#### Exercise instructions:
Reproduce the records that follow in full, excluding any picture they contain.
------------------------------------
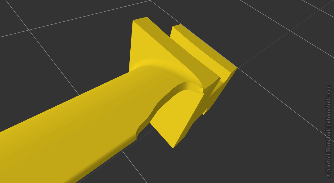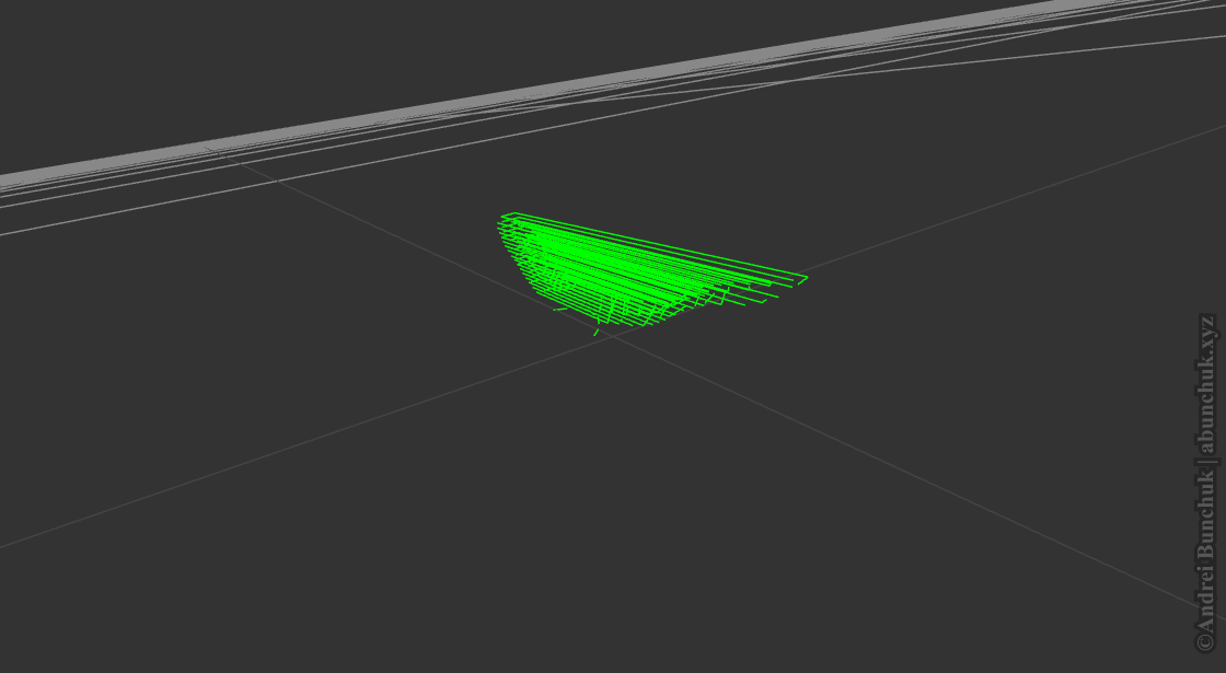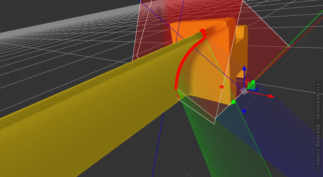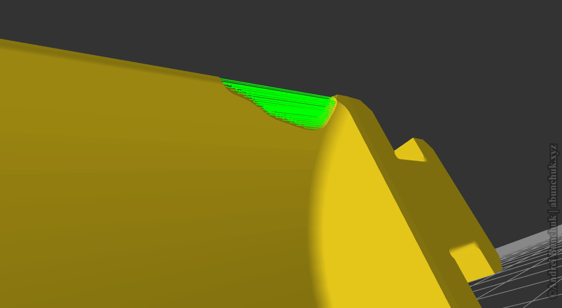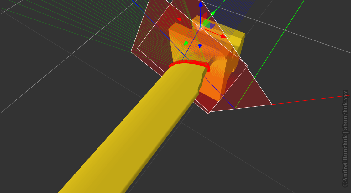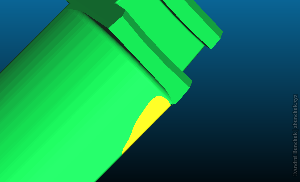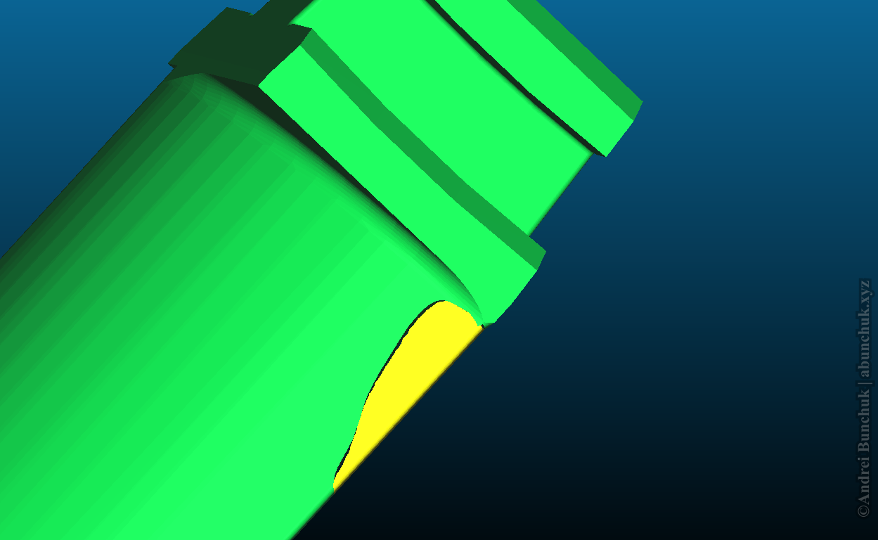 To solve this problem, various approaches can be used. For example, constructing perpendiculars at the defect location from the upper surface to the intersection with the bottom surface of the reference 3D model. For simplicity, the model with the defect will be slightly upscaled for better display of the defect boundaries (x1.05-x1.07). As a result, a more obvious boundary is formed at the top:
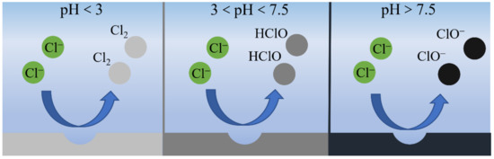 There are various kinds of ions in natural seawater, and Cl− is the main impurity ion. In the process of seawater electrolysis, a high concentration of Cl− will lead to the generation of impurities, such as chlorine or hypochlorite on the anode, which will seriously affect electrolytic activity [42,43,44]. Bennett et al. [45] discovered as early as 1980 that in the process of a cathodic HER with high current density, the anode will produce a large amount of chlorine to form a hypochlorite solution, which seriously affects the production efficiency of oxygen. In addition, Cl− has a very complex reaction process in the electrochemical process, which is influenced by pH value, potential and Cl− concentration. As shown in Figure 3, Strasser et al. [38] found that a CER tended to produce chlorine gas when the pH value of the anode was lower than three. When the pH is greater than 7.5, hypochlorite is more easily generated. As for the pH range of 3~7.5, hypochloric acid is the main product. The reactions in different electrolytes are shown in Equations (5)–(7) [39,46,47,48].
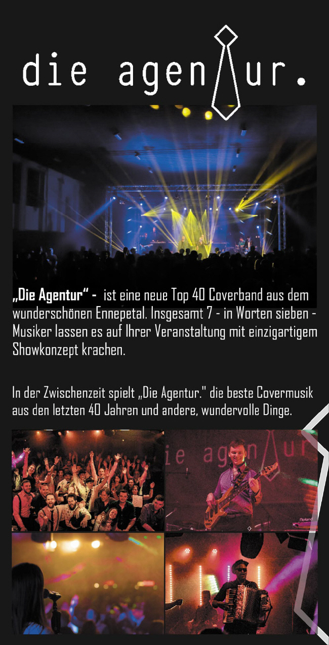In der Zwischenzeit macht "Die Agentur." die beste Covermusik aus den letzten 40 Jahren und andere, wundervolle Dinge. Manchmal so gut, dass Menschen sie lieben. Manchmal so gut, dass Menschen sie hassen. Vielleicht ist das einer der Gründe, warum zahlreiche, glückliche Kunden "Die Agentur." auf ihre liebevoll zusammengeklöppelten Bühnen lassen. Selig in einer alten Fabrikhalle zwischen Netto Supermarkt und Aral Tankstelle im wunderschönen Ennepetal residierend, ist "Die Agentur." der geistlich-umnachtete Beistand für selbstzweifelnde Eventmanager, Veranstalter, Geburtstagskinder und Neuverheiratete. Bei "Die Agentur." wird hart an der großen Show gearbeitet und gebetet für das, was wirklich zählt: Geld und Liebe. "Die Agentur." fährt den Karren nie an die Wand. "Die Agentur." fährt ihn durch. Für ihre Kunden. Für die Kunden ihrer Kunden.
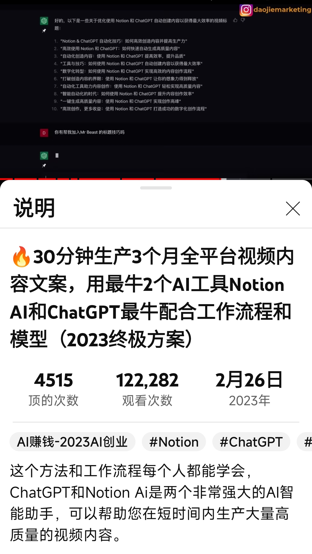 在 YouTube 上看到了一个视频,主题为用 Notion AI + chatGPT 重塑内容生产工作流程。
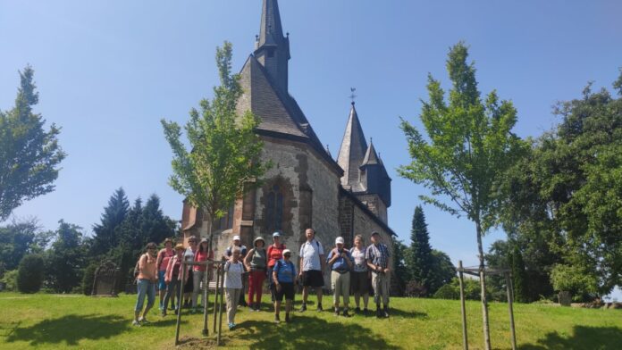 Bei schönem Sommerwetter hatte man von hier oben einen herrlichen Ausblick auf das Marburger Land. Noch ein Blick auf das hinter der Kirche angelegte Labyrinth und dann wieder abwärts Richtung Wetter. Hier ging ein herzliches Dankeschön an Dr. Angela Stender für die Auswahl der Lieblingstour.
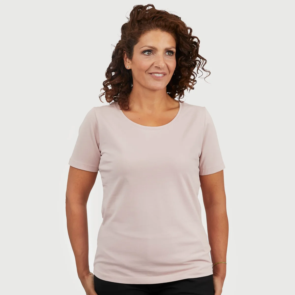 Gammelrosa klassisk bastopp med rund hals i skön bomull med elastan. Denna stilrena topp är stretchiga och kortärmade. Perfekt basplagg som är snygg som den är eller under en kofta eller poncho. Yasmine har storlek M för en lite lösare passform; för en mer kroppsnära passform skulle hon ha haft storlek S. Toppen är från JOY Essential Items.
------------------------------------
#### Exercise response:
 To solve this problem, various approaches can be used. For example, constructing perpendiculars at the defect location from the upper surface to the intersection with the bottom surface of the reference 3D model. For simplicity, the model with the defect will be slightly upscaled for better display of the defect boundaries (x1.05-x1.07). As a result, a more obvious boundary is formed at the top:
 There are various kinds of ions in natural seawater, and Cl− is the main impurity ion. In the process of seawater electrolysis, a high concentration of Cl− will lead to the generation of impurities, such as chlorine or hypochlorite on the anode, which will seriously affect electrolytic activity [42,43,44]. Bennett et al. [45] discovered as early as 1980 that in the process of a cathodic HER with high current density, the anode will produce a large amount of chlorine to form a hypochlorite solution, which seriously affects the production efficiency of oxygen. In addition, Cl− has a very complex reaction process in the electrochemical process, which is influenced by pH value, potential and Cl− concentration. As shown in Figure 3, Strasser et al. [38] found that a CER tended to produce chlorine gas when the pH value of the anode was lower than three. When the pH is greater than 7.5, hypochlorite is more easily generated. As for the pH range of 3~7.5, hypochloric acid is the main product. The reactions in different electrolytes are shown in Equations (5)–(7) [39,46,47,48].
In der Zwischenzeit macht "Die Agentur." die beste Covermusik aus den letzten 40 Jahren und andere, wundervolle Dinge. Manchmal so gut, dass Menschen sie lieben. Manchmal so gut, dass Menschen sie hassen. Vielleicht ist das einer der Gründe, warum zahlreiche, glückliche Kunden "Die Agentur." auf ihre liebevoll zusammengeklöppelten Bühnen lassen. Selig in einer alten Fabrikhalle zwischen Netto Supermarkt und Aral Tankstelle im wunderschönen Ennepetal residierend, ist "Die Agentur." der geistlich-umnachtete Beistand für selbstzweifelnde Eventmanager, Veranstalter, Geburtstagskinder und Neuverheiratete. Bei "Die Agentur." wird hart an der großen Show gearbeitet und gebetet für das, was wirklich zählt: Geld und Liebe. "Die Agentur." fährt den Karren nie an die Wand. "Die Agentur." fährt ihn durch. Für ihre Kunden. Für die Kunden ihrer Kunden.
 在 YouTube 上看到了一个视频,主题为用 Notion AI + chatGPT 重塑内容生产工作流程。
 Bei schönem Sommerwetter hatte man von hier oben einen herrlichen Ausblick auf das Marburger Land. Noch ein Blick auf das hinter der Kirche angelegte Labyrinth und dann wieder abwärts Richtung Wetter. Hier ging ein herzliches Dankeschön an Dr. Angela Stender für die Auswahl der Lieblingstour.
 Gammelrosa klassisk bastopp med rund hals i skön bomull med elastan. Denna stilrena topp är stretchiga och kortärmade. Perfekt basplagg som är snygg som den är eller under en kofta eller poncho. Yasmine har storlek M för en lite lösare passform; för en mer kroppsnära passform skulle hon ha haft storlek S. Toppen är från JOY Essential Items.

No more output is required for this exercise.